By Ben Konuch
“May your coffee kick in before reality does”
“1899” is the newest mystery thriller from Baran bo Odar and Jantje Friese, the minds behind the German Netflix series “Dark.” One look at a trailer or any marketing images and you’ll see what I saw, that “1899” looks like a dark, mysterious, mind-bending thriller. While this is true on paper, watching “1899” went from excitement to intrigue to indifferent boredom as the script and the pacing lost any momentum its concept and fantastic actors gave it. It was full of twists and turns, but most of them were either obvious or waited too long to be revealed, leaving “1899” a frustration instead of a joy.
The concept of the series is simple yet ingenious. The passenger ship Kerberos traveling from England to New York reroutes its course when the captain believes he’s picked up a signal from another passenger ship that disappeared months prior, the Prometheus. The ship is found, but when it is boarded and searched, all passengers and signs of life have disappeared save for one – a silent boy holding a mysterious artifact. As the captain, played by Andreas Pietschmann, refuses to leave the Prometheus behind and the journey resumes with it in tow, unexplainable and increasingly disturbing events begin to take place and cause the passengers to begin to question the very nature of their reality.
One of the standouts of “1899” is its actors and characters. While it is a German production, the series features a multilingual cast as characters from all corners of Europe are present on the Kerberos, and actors from those respective countries have been hired to portray these characters. The different characters communicate in their native languages with English subtitles for us to understand, but it gives weight to moments in the story when some characters don’t understand what’s happening or others are needed to translate. It’s a nice touch to have that element of historical realism and it aids the dynamics between characters immensely as characters tend to have their smaller storylines grouped together, such as the Danish immigrants and the first sparks of mutiny, the French honeymooners Lucien and Clemence and the mysterious French stowaway Jerome or Angel and Ramone, the Spanish and Portuguese pair hiding their true nature.
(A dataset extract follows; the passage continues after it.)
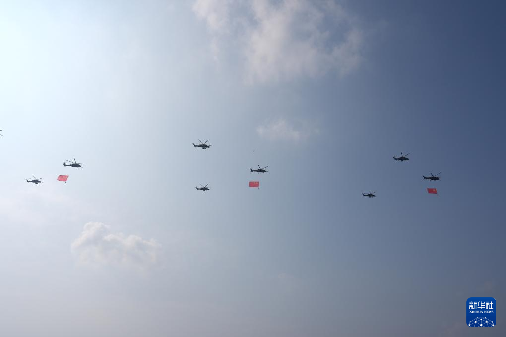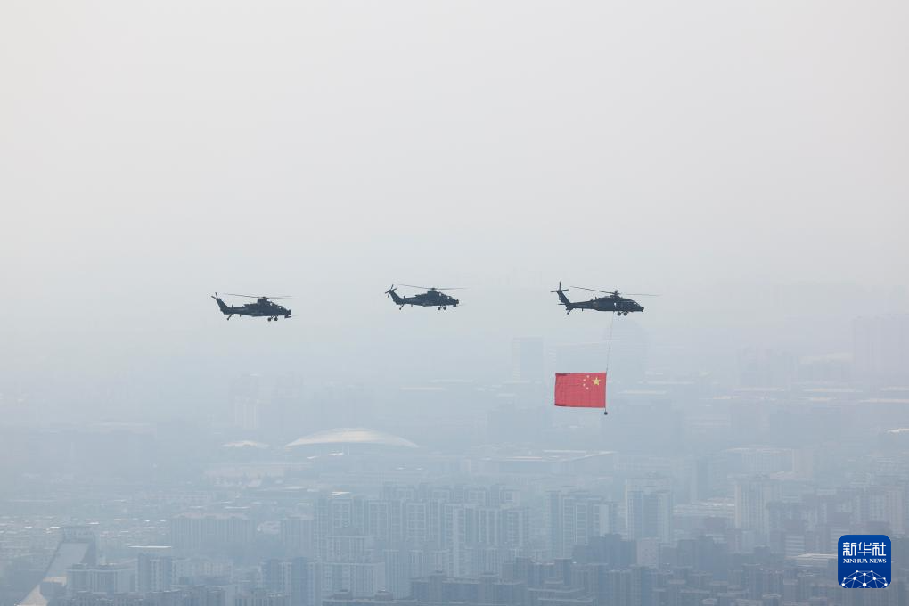 9月3日,纪念中国人民抗日战争暨世界反法西斯战争胜利80周年大会在北京隆重举行。这是空中护旗梯队通过天安门广场。

Unfortunately, these characters and their fantastic performances are ultimately wasted by a script that throws pacing overboard. I enjoy slow-burn television, and while many of my friends complained that the new Star Wars show “Andor” was boring, I enjoyed its slower pacing and gradual plot developments because of how well it was written. “1899,” however, shows that there’s a difference between slow-burn and boring, and unfortunately, after the first two episodes, “1899” takes its narrative and walks in circles. Very little actual development takes place, with the plot moving forward at a snail’s pace.
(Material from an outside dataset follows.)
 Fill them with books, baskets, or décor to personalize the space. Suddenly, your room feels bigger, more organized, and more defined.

Episodes more frequently entail something relatively unsettling happening, and then characters taking a very long time to talk about philosophical or moral ideas, followed by characters walking around the ship or investigating something, which would once again be followed immediately by characters having long and drawn out conversations about high concept ideas and their pasts. This was the other fatal flaw of “1899,” in that it gave so many characters plotlines and backstories that don’t go anywhere. While they could be considered essential for understanding motivations, the writers could have had a similar effect without taking as much time in presenting these backstories. In the way that the number of characters struggle with their own problems and plotlines that don’t ever advance the main plot and serve little purpose, the actual story of “1899” gets left behind in the dust.
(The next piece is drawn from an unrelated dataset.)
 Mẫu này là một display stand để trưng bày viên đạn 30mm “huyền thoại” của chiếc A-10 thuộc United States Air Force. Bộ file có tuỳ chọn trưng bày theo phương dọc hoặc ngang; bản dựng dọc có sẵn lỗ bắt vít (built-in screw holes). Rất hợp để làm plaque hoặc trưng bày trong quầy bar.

This is regrettable, as the main concept behind “1899” and the series’ central mystery are extremely intriguing. Unfortunately, around the halfway point it feels as though the series doesn’t respect your time as a viewer. Some characters and their pasts as well as how they interact with the plot are extremely well handled, such as the captain Eyk, the English doctor Maura and the mysterious stranger Daniel who seemingly came from the Prometheus. Other characters don’t necessarily add to the plot but their arcs are interesting, such as the French couple and the stowaway Jerome. If “1899” only had these side plots I wouldn’t mind, but the series is overstuffed. It takes too long on characters who have no real impact while it neglects its central mystery. A mind-bending mystery about supernatural events happening on a ship lost at sea shouldn’t feel boring, but it does.
The series also leaves so many things unresolved and unexplained, but that could be somewhat justified considering the cliffhanger at the end of the final episode teasing more seasons. That being said, there is enough left unexplained from the last eight hours that made me feel cheated. I don’t need full explanations, I just need some kind of explanations about events and characters that don’t make me feel like I wasted my time. The final twist about what the Prometheus really is and the nature of reality were genuinely fantastic, as well as what it would mean for future seasons. Unfortunately, despite decent reviews and high viewer numbers, Netflix made the move to cancel “1899,” which means nothing will ever be explained. Not only does this make the series feel like a complete waste of time, but also a waste of potential.
While I believed “1899” had many flaws, it had the key elements of a masterpiece buried under overabundance, lack of explanations and abysmal pacing. I believe it had the potential to excel in future seasons, and the fact that we’ll never get to see that makes “1899” all the more of a tragedy.
I give “1899” a 5/10
“1899” is now available to stream on Netflix
Ben Konuch is a sophomore Strategic Communication student and an A&E writer for Cedars. He enjoys getting sucked into good stories, playing video games and hanging out with crazy MuKappa friends.